A novel enhanced SOC estimation method for lithium-ion battery cells using cluster-based LSTM models and centroid proximity selection
Mohammed Khalifa Al-Alawi, Ali Jaddoa, James Cugley, Hany Hassanin
Abstract
In line with the global mission in achieving the net zero target through deployment of renewable energy technologies and electrifying the transportation sector; precise and adaptable State of Charge (SOC) estimation for Lithium-ion batteries has emerged as a critical need. The paper introduces a novel Cluster-Based Learning Model (CBLM) framework that integrates the strengths of K-Means and Fuzzy C-Means clustering with the predictive power of Long Short-Term Memory (LSTM) networks.
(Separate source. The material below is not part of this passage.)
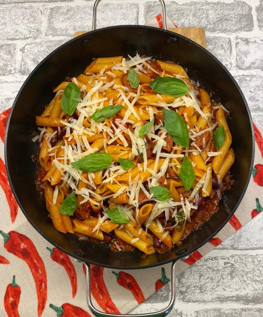 This quick, easy and tasty pasta dish will definitely be a family favourite. Pasta mixed with spicy chorizo sausage in a tomato and red onion sauce topped with basil and parmesan cheese.

This approach aims to enhance the precision and reliability of battery SOC estimations, adapting to the dynamic and complex operational conditions characteristic of Li-ion batteries. The key contributions of this study are the development and validation of the CBLM framework, which was proven to outperform state-of-art standalone deep learning techniques particularly under diverse operational conditions. Additionally, the introduction of a centroid proximity selection mechanism within the CBLM framework, which dynamically selects the most appropriate cluster model in real-time based on the proximity of the operational data to the cluster centroids. The performance of the proposed CBLM approach is evaluated using a Tesla Model 32,170 Li-ion battery dataset. Results demonstrate the model's enhanced performance, with reductions in Root Mean Square Error (RMSE) to as low as 0.65 % and Mean Absolute Error (MAE) to 0.51 %, reducing state-of-art benchmark model errors by margins of 61.8 % and 68.5 % respectively. Additionally, the maximum error using CBLM was lower than benchmark, emphasising the model's reliability in worst-case-scenarios. The study also conducted comprehensive ablation tests on the proposed novel framework to further optimize its performance.